(3)
 しもしゃは通称『獅子転げの坂』を滑るように降りてゆく。
 先程の停車で多少前後のクルマは減ったものの、依然として囲まれているのには違いないようだった。
「いやぁ、シモヒラさんが『青葉城址選手権』に参加していらっしゃるとは思いませんでしたよ。」
 推上が嬉しそうに助手席に座っている。
「それだよそれ!『青葉城址選手権』ってのは何なんだよ?」
 緩やかにアウトインアウトを決めながら霜片が訊ねる。
「えっ、シモヒラさん、参加されているんじゃないんですか?」
「なんだかわからないうちに巻き込まれちゃったんだよ。」
 推上は呆気に取られながら、事の次第を説明してくれた。
『青葉城址選手権』・・・それは、青葉城址の急な坂道やカーブをコースにしてスピードを競う、走り屋さんたちのレースのことらしい。
「うちのサークルの朝霞さんも『選手権』に出てるんすよ。」
 それは先程見かけた光景のことだろう。
「ところで石津は何をやっているんだ?」
「ああ、石津は朝霞さんのナビっすよ。」
 なんでもコースがあるらしく、そのコースを無理にはみ出ると、警察に知れてしまうとの事である。
 こんな無謀な運転が警察権力に知れたら、それこそ大変なことになるだろう。
「じゃあ、僕はこのレース抜けられないの?」
「そういうことになりますねぇ。」
「うぅ〜」
 あの時白銀の軽の挑発に乗ってさえいなければ、と、今さらながら後悔する霜片だった。
「そういえば、うちのサークルの雅史も、これに参加してるらしいっすよ。

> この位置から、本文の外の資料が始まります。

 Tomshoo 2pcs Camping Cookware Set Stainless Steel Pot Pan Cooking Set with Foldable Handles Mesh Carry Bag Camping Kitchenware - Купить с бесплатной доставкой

」
「へぇ、あいつがねぇ〜」
「何でも最近親が買った新型の軽自動車で参戦しているって話ですよ。」
 ぴくん! もしや!!
「そのクルマって、もしかして白銀?」
「ええ、そうですが・・・もしやもう会いましたか?」
 雅史こと衛藤雅史(えとう・まさし)は、霜片の3コ下の後輩である。ちなみに何のサークルかはいまだに秘密である。
「もしかして、あいつの運転、かなり上手い?」
 『群青の流星』のプライドはあるものの、やはり気になる霜片であった。
「え、あいつの運転ですか?噂によると、こないだ信号に気が付かなかったり、横断中の歩行者を轢きそうになったり、ブレーキのタイミングがやたら遅かったり、かなりデンジャラスらしいですよ。」
 もしやそれが原因で速いのか?
 評定河原の橋を越えるときには、やはりしもしゃらしく100km/hは軽く出していた。

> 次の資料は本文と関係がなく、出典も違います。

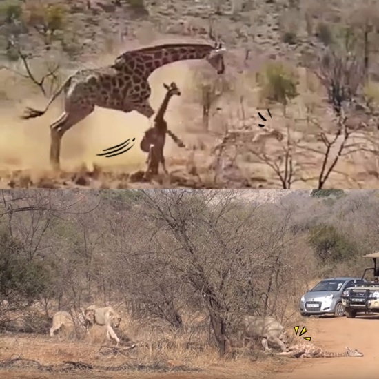 사자들이 갓 태어난 여린 새끼 기린을 공략하지만, 그리 호락호락하지 않죠.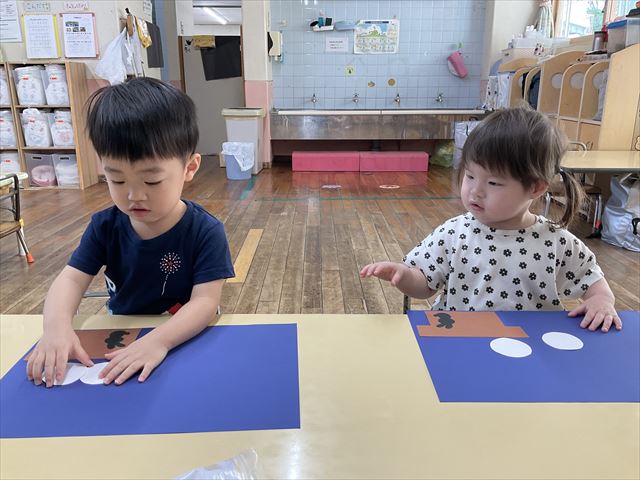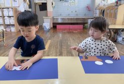 お月見団子の制作遊びを楽しみました。画用紙で作ったお団子を上手に貼りながら「これなーに?」「おいしそ~う!」とお友だちや先生たちと楽しんでいましたよ!出来上がった作品を飾っているのを見て自分のはどれだろう?興味をもって見ている姿がとてもかわいかったです♡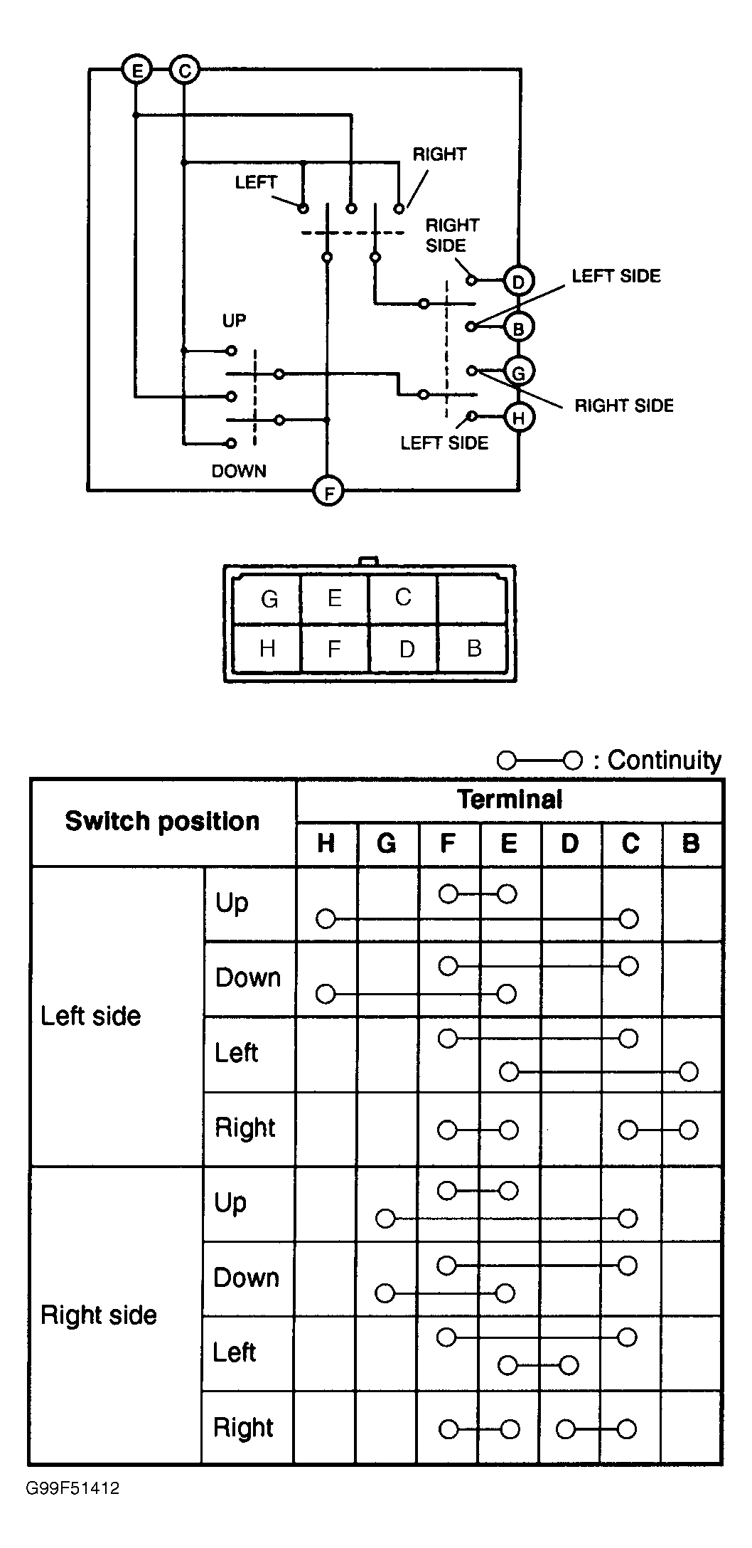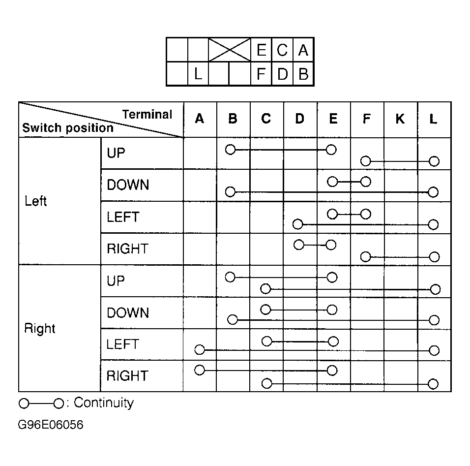 Disconnect power mirror switch harness connector (remove power mirror switch if necessary). See POWER MIRROR SWITCH under REMOVAL & INSTALLATION. With power mirror switch in specified position, check continuity between specified terminals of switch connector. See Fig 1 through Fig 4 . If continuity is not as specified, replace power mirror switch.

 その橋の、わりと急なアップダウンを過ぎると、点滅の信号を右折する。もちろんドリフトで。
「うぃやあ〜!!」
 推上は奇妙な声をあげている。
「推上、この先はどう行くんだ?」
 推上は目を回しながら、
「確か、この先の信号を左にヘアピンですよ・・・まさか?!」
 そう、まさかである。
 しもしゃがこんな絶好のカーブをドリフトしないはずがない。
「それぇ〜!!」
 霜片本人のエンジンもかかり始めたようだった。